** Recorded data follows **
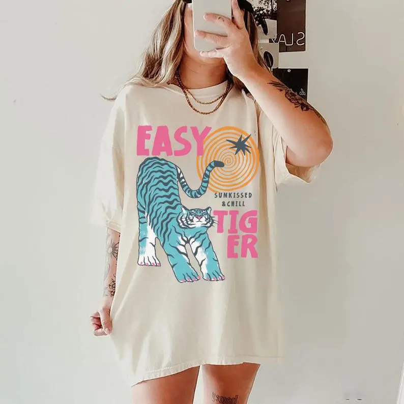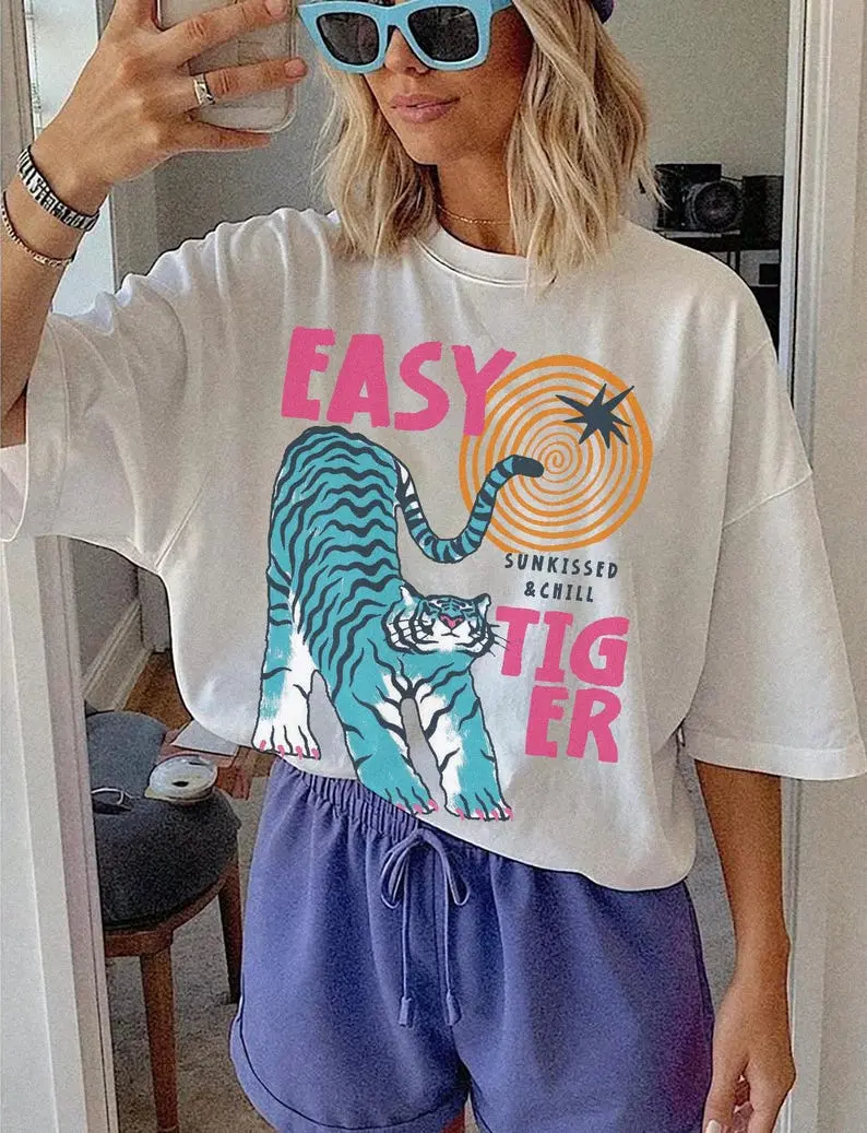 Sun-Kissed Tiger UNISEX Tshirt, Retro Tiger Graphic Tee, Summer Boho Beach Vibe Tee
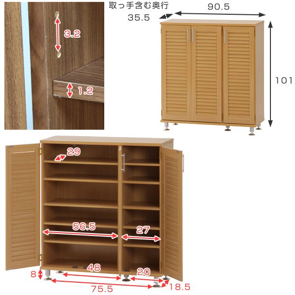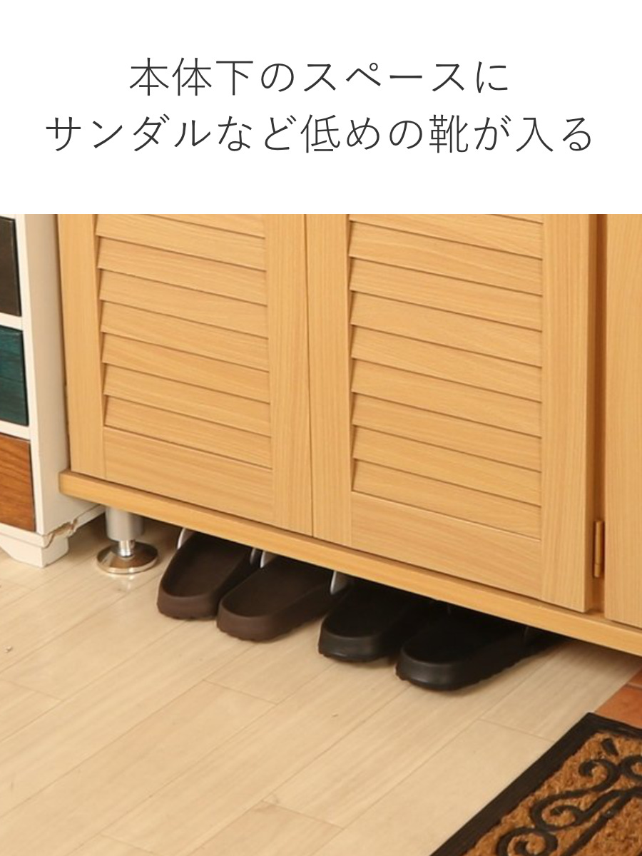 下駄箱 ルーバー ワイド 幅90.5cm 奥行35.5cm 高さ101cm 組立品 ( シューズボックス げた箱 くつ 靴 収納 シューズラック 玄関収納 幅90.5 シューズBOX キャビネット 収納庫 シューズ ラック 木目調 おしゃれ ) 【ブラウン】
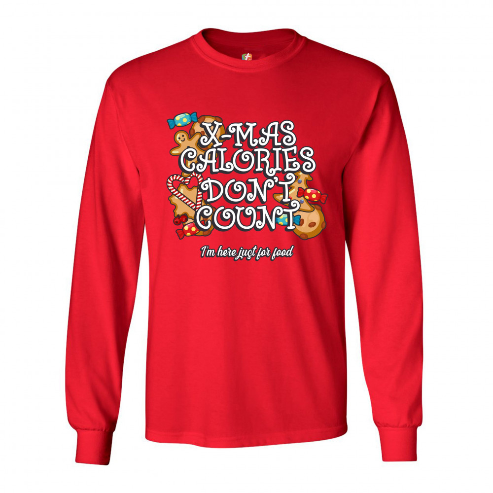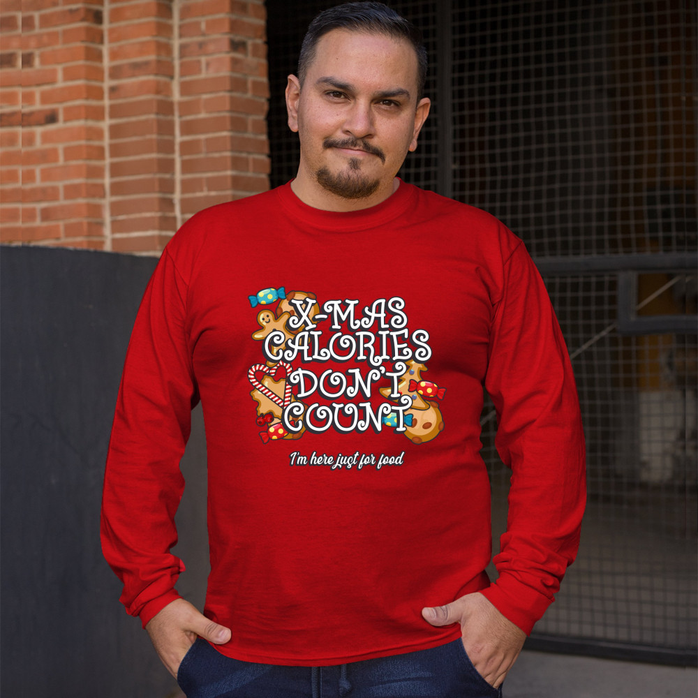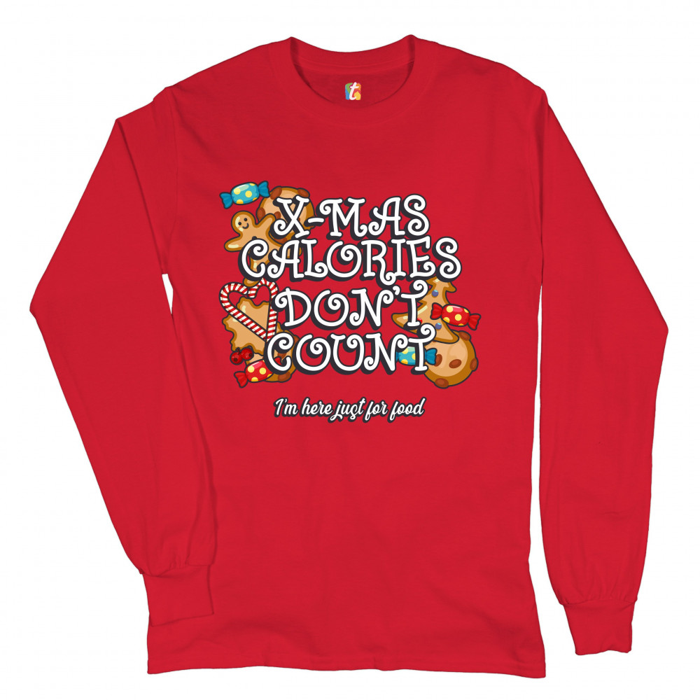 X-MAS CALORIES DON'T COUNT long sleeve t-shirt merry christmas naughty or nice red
** End of Recorded data **
## Task item
Output the data exactly as it is, with the pictures dropped.

## Solution to the problem
 Sun-Kissed Tiger UNISEX Tshirt, Retro Tiger Graphic Tee, Summer Boho Beach Vibe Tee
 下駄箱 ルーバー ワイド 幅90.5cm 奥行35.5cm 高さ101cm 組立品 ( シューズボックス げた箱 くつ 靴 収納 シューズラック 玄関収納 幅90.5 シューズBOX キャビネット 収納庫 シューズ ラック 木目調 おしゃれ ) 【ブラウン】
 X-MAS CALORIES DON'T COUNT long sleeve t-shirt merry christmas naughty or nice red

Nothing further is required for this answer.